── Supplied records ──

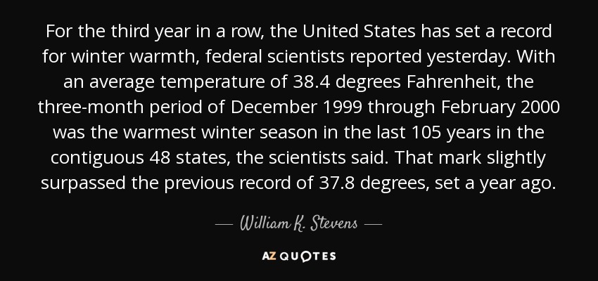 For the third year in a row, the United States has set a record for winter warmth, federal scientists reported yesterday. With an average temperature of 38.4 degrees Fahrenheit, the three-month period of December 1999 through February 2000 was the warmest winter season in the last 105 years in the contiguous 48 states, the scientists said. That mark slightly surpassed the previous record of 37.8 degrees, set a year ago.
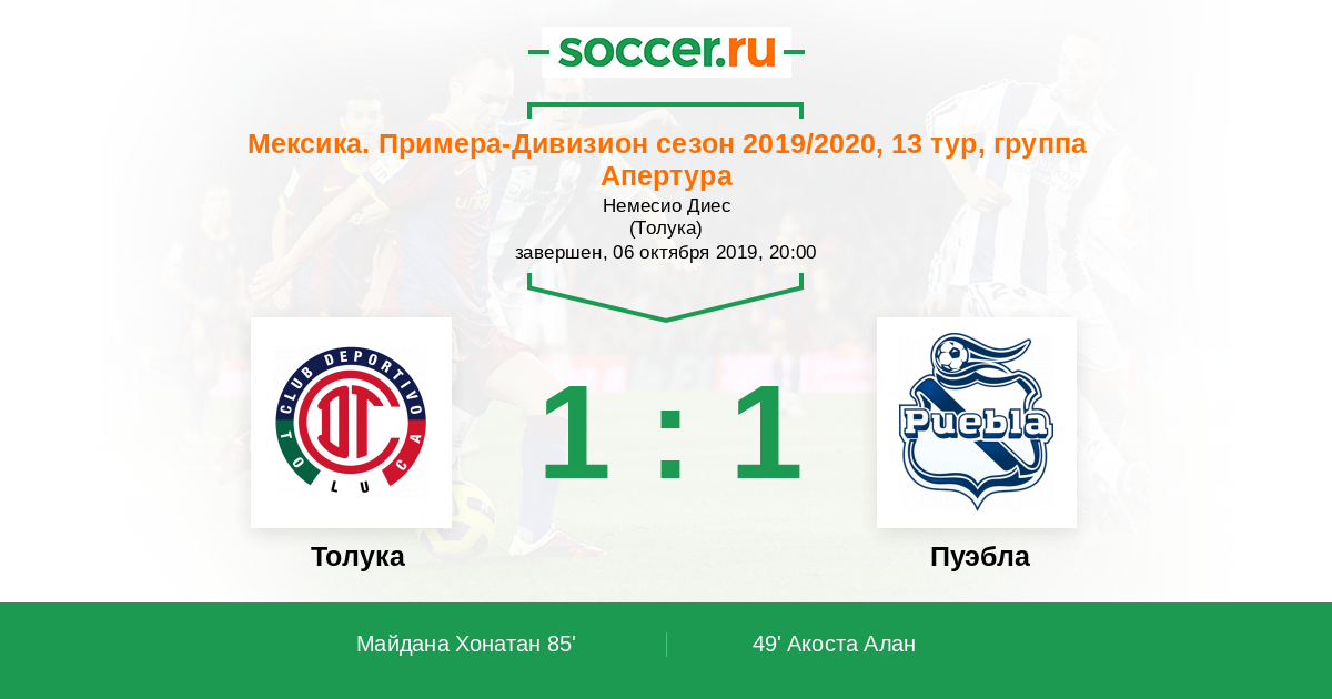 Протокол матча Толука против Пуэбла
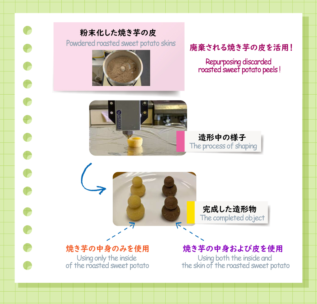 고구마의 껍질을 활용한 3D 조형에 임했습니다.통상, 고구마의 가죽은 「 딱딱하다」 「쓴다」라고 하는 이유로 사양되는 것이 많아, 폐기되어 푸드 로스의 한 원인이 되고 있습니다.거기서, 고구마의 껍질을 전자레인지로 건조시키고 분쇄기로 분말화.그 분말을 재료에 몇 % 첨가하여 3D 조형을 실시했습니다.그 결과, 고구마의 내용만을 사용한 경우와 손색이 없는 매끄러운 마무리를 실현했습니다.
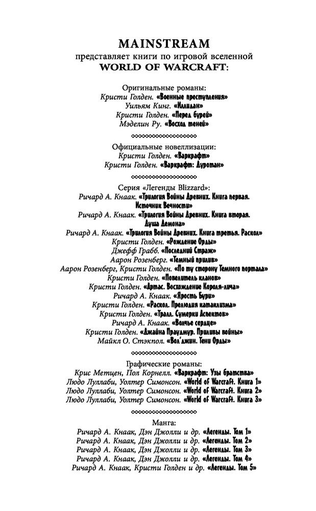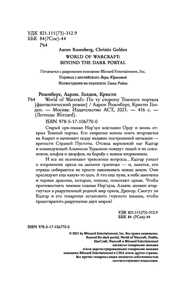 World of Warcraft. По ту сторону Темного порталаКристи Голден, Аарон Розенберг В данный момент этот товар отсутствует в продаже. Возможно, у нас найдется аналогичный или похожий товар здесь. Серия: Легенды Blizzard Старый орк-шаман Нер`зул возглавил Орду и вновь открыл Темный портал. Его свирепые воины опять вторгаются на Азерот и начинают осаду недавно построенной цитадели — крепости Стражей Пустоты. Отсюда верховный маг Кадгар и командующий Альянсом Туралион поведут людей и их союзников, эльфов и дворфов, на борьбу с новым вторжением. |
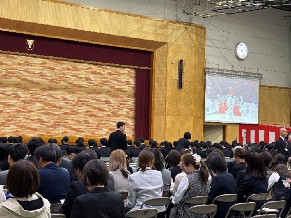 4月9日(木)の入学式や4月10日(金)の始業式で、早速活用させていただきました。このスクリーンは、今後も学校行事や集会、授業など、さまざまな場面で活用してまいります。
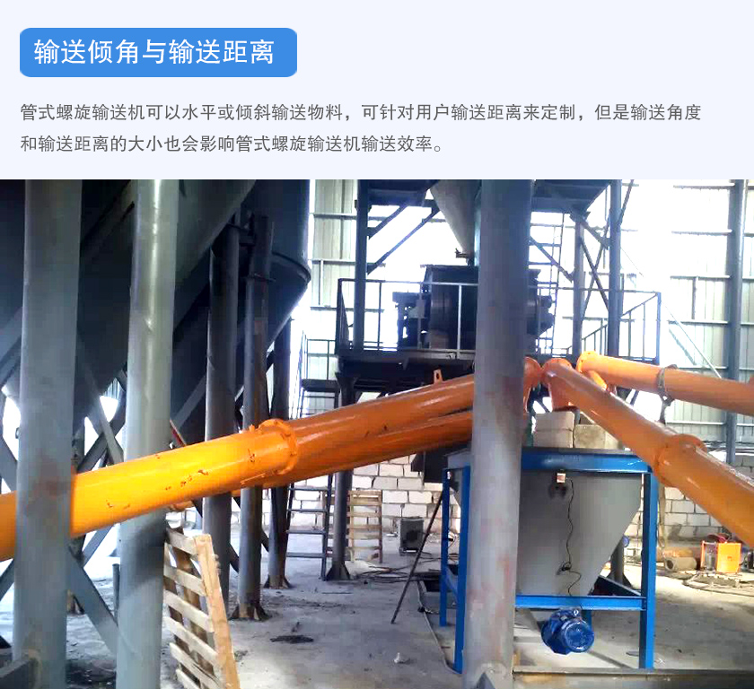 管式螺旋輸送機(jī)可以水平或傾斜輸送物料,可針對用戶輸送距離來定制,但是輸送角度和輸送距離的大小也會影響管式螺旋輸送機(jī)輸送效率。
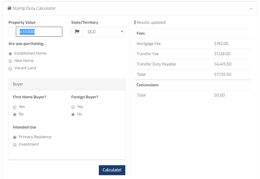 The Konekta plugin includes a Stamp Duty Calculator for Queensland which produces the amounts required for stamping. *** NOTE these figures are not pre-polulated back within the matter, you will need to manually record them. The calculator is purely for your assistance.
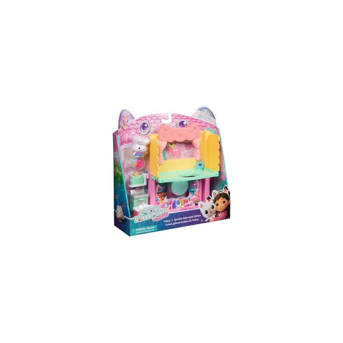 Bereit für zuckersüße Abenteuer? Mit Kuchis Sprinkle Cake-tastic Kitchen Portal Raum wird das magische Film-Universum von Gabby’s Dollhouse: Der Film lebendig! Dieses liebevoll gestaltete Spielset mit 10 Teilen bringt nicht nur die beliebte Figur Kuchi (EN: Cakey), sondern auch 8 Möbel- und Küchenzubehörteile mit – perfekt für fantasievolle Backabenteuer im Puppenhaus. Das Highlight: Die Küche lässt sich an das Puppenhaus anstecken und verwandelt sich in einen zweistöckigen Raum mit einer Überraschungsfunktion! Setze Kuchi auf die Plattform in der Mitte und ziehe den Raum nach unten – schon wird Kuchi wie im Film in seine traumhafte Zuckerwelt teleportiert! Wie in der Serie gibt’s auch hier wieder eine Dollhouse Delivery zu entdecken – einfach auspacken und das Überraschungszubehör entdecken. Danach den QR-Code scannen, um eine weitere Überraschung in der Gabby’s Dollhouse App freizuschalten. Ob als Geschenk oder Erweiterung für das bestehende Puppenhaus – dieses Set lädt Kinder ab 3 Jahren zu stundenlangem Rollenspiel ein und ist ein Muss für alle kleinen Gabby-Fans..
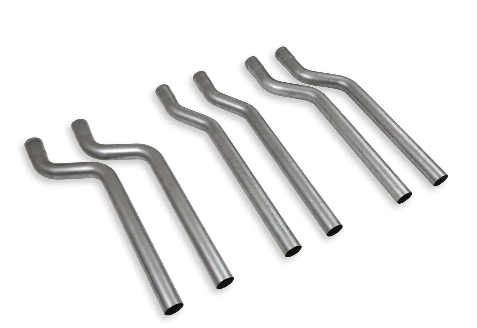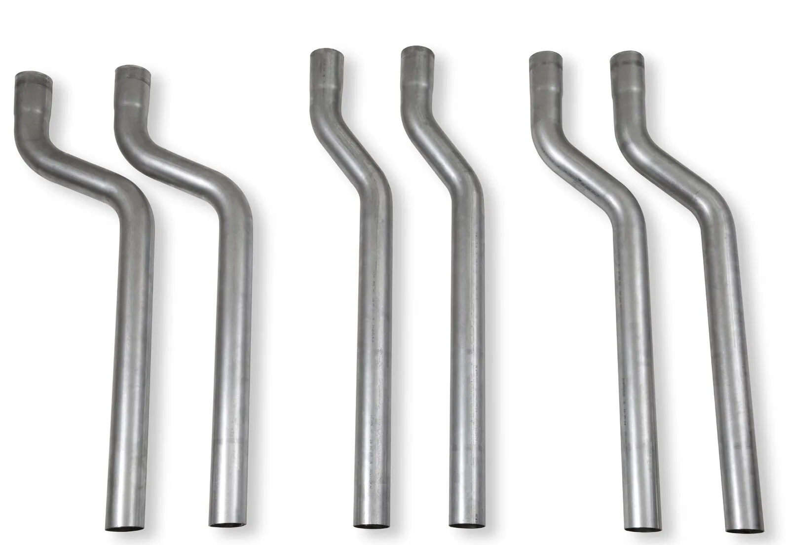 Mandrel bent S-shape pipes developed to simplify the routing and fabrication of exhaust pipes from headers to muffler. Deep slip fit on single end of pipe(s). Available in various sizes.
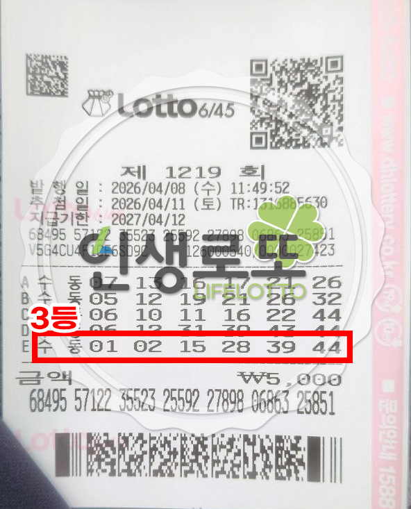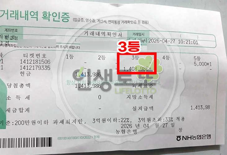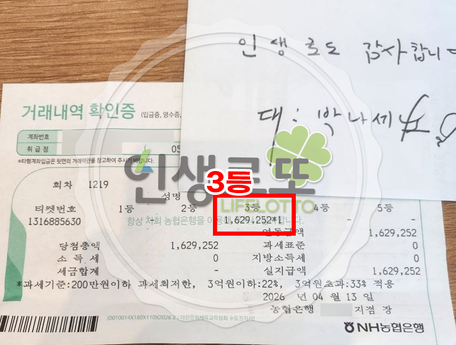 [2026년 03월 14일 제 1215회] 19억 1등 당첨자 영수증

───
── Supplied records ──

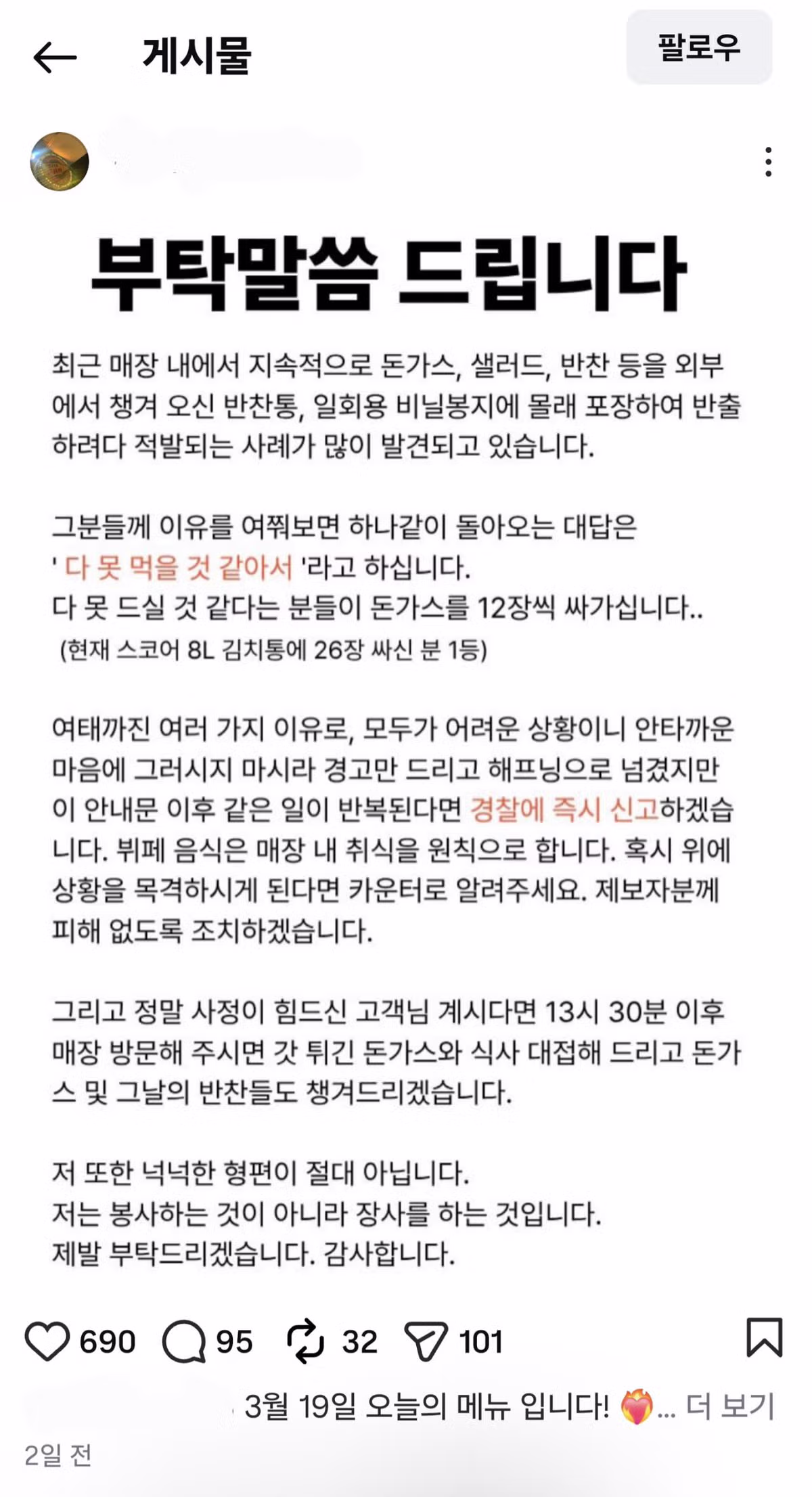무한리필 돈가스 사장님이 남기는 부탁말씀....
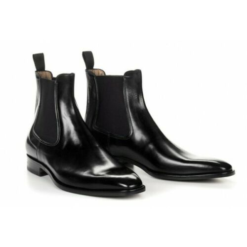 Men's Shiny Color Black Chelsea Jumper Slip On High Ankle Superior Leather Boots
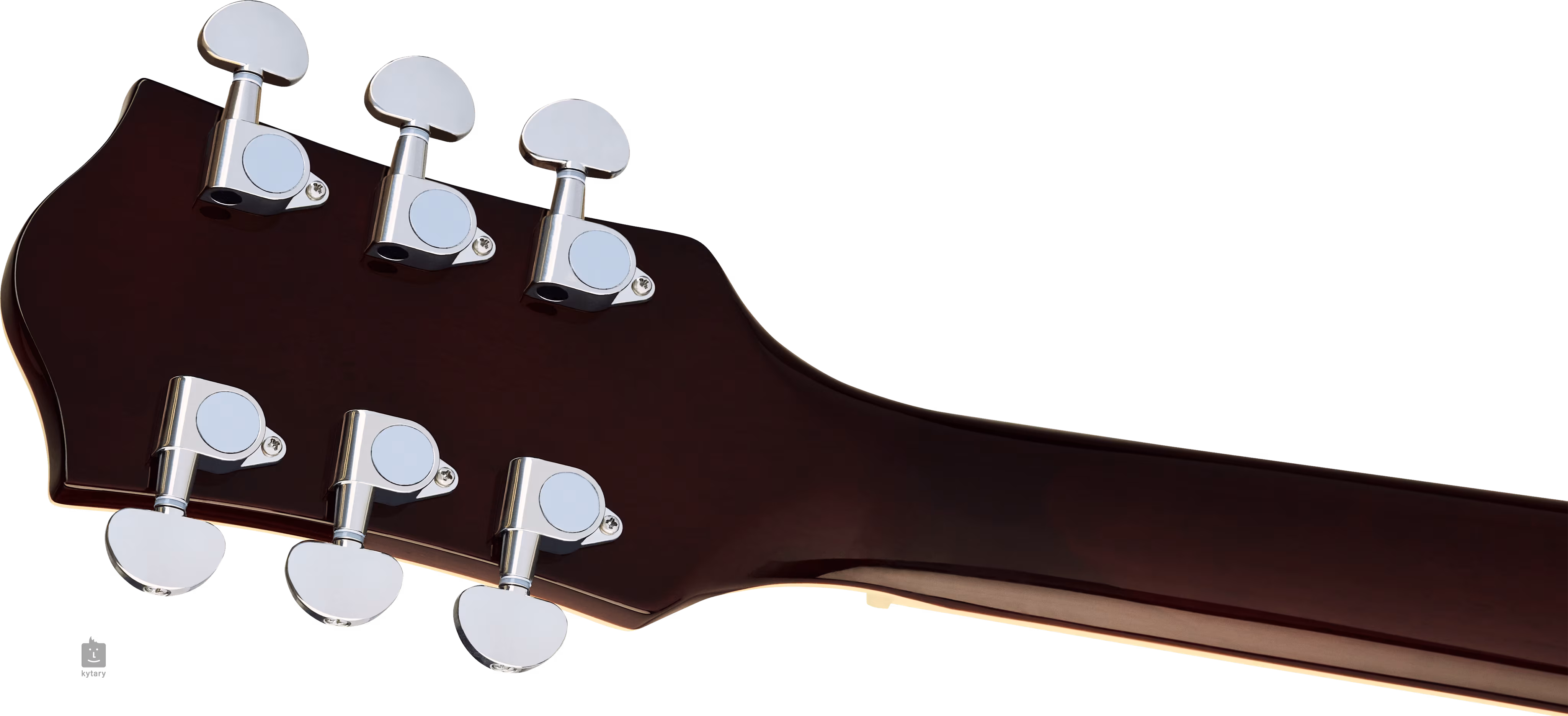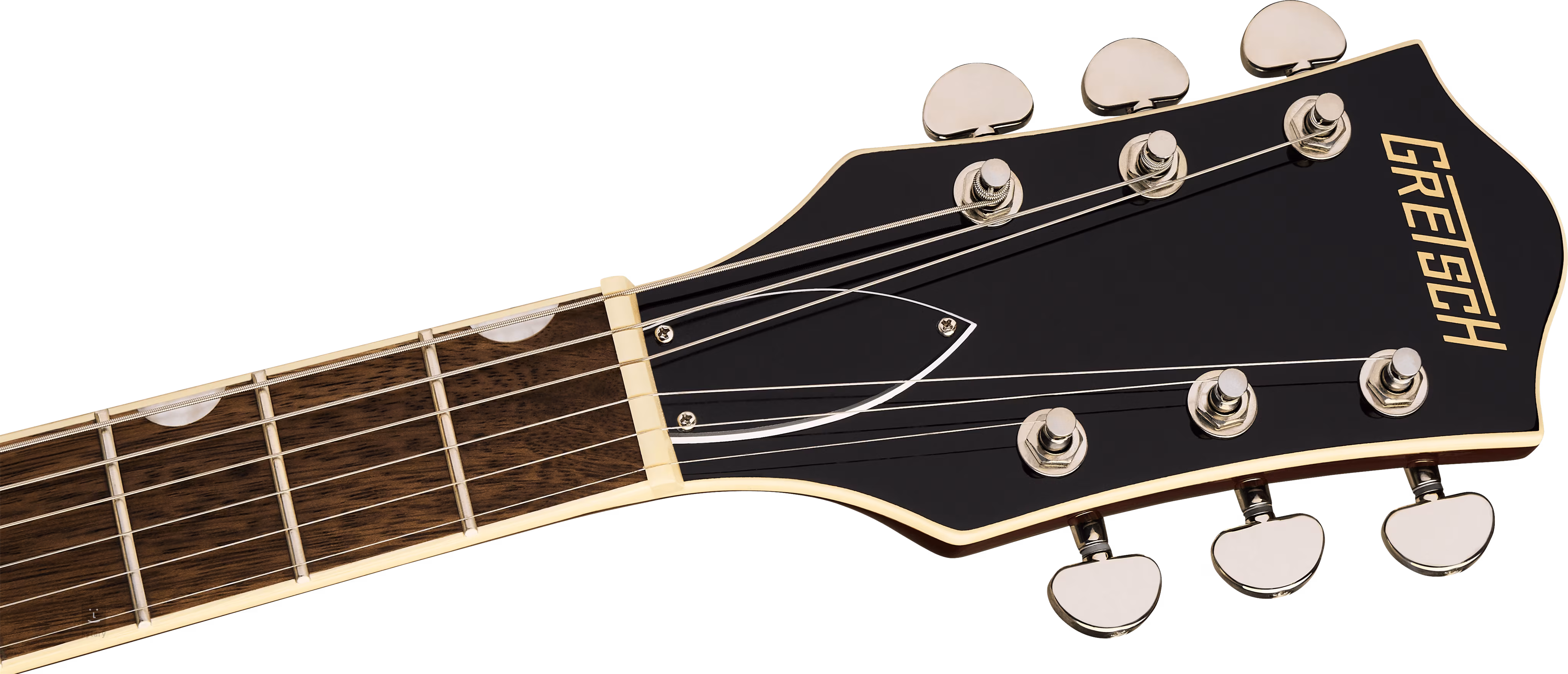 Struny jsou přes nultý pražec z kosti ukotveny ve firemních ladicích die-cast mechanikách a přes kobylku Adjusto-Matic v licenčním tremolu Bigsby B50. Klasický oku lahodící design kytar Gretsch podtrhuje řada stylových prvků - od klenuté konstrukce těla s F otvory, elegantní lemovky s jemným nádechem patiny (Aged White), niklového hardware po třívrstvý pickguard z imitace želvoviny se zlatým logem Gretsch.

───

▶ [Exercise directions] In the listing above, find the line with "For the third" and the line with "고구마의 껍질을 활용한". Transcribe those two and everything between, exactly, leaving out pictures.

▶ [Answer to this problem]
 For the third year in a row, the United States has set a record for winter warmth, federal scientists reported yesterday. With an average temperature of 38.4 degrees Fahrenheit, the three-month period of December 1999 through February 2000 was the warmest winter season in the last 105 years in the contiguous 48 states, the scientists said. That mark slightly surpassed the previous record of 37.8 degrees, set a year ago.
 Протокол матча Толука против Пуэбла
 고구마의 껍질을 활용한 3D 조형에 임했습니다.통상, 고구마의 가죽은 「 딱딱하다」 「쓴다」라고 하는 이유로 사양되는 것이 많아, 폐기되어 푸드 로스의 한 원인이 되고 있습니다.거기서, 고구마의 껍질을 전자레인지로 건조시키고 분쇄기로 분말화.그 분말을 재료에 몇 % 첨가하여 3D 조형을 실시했습니다.그 결과, 고구마의 내용만을 사용한 경우와 손색이 없는 매끄러운 마무리를 실현했습니다.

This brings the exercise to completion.